A new generation of coal-fired power plants “must have a relatively fast timeline to commercialization,” the company said, “so that new plants can be brought online in time to enable a smooth transition from the existing coal fleet without compromising the sustainability of the coal supply chain.”
‘Foot in the door’
Edward Rubin, an engineering professor at Carnegie Mellon University and a prominent expert on carbon capture and storage, called Consol’s proposal “a foot in the door” for future coal development.
The Department of Energy funds a wide array of research and development so the future electricity system has plenty of fuel and technology options to ensure it is both cost-effective and resilient.

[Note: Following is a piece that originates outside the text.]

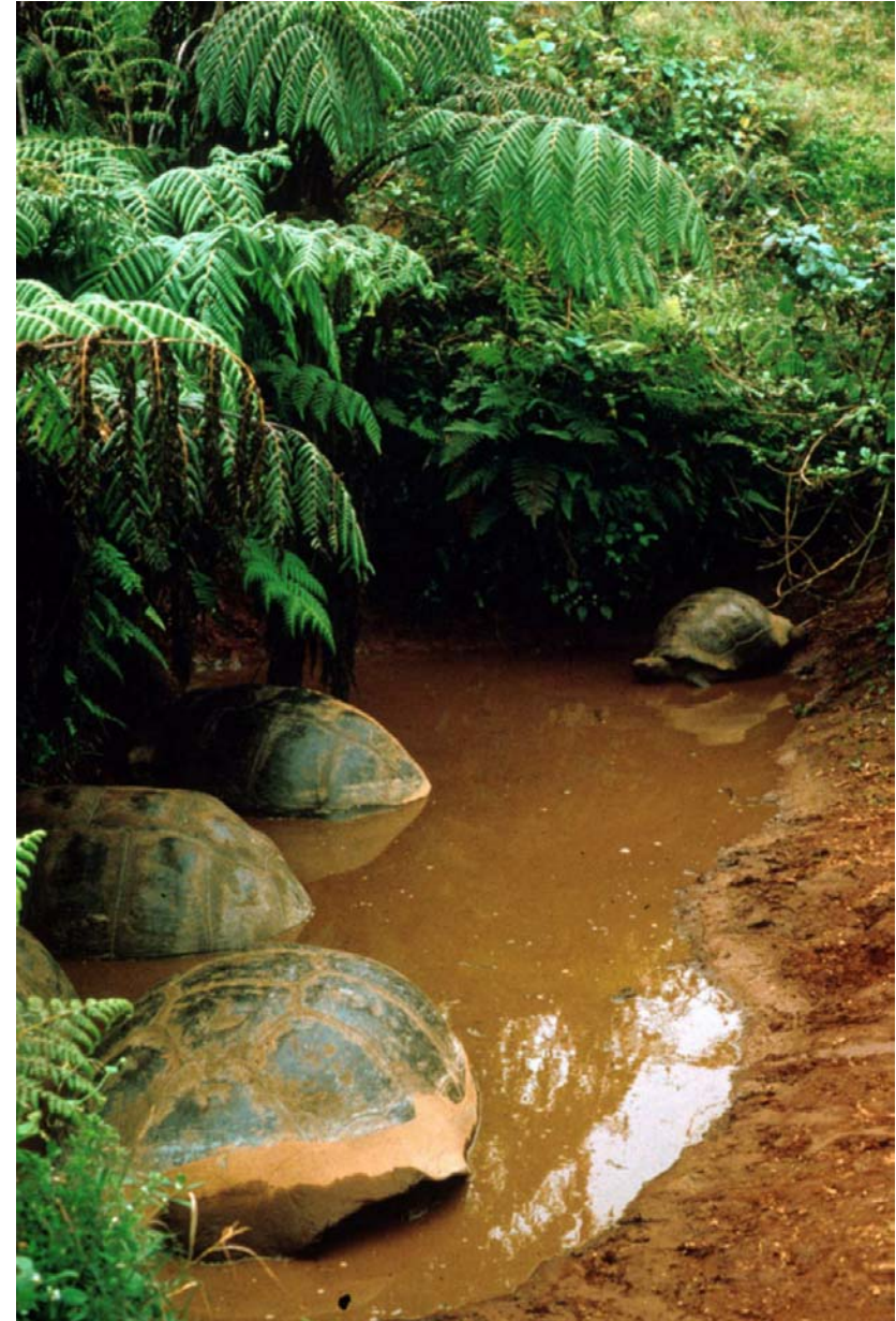
Abb. 11: G. n. vandenburghi in einer Suhle beim Vulkan Alcedo auf Isabela.

“We’re basically building an insurance policy, a portfolio of things that may or may not be useful in the future — though they try to choose things that look most promising,” Mr. Rubin said.
Consol’s proposal “certainly looks as interesting and credible as lots of other things that have been done in the past,” he said.
Still, a defining feasibility factor for any carbon capture project is cost, and unless government policy establishes a price on carbon emissions, it will be hard for the technology to take root.
“There is no market for any carbon capture technology without a policy driver to reduce carbon emissions,” Mr. Rubin said. “No matter how cheap you can make a carbon capture system, it will always be more expensive than not having to use one at all.”
Rob Altenburg, director of the statewide environmental nonprofit PennFuture’s Energy Center, was more skeptical about Consol’s proposal.
“My bet is this plant never gets built, not without serious government subsidies,” he said. “Investors are not going to line up behind this deal.”
The capital costs are exorbitant compared to competing energy sources, Mr. Altenburg said, and other financial projections are unrealistically optimistic.
For example, Consol expects that once it is up and running, the plant will operate at full capacity 85% of the time. But existing coal plants with proven technology have historically only run about 65% of the time.
Even assuming that one demo plant could be built in a Goldilocks spot where all of the pieces fall into place, he doubted the technology could be scalable.
“The thing is, there just isn’t any need,” Mr. Altenburg said. “In a lot of places in the nation, it is cheaper to build new solar than run existing gas, and gas is already cheaper than coal.”
The next step
Consol’s next step is to develop a detailed front-end engineering and design study. The recently announced federal funding will cover about 80% of the cost, Consol CEO Jimmy Brock said during the company’s most recent call with investors.
The study will take 2½ years and focus on both honing the design of the power plant and better characterizing the geological opportunities for storing carbon nearby, said Mr. Connell, the senior vice president.
Part of the process will include selecting a site for the plant and preparing the volumes of environmental information that will be necessary for permits.
At the end of the 30 months, the company hopes to have enough definition of the project and its economics to decide whether it is worth an investment.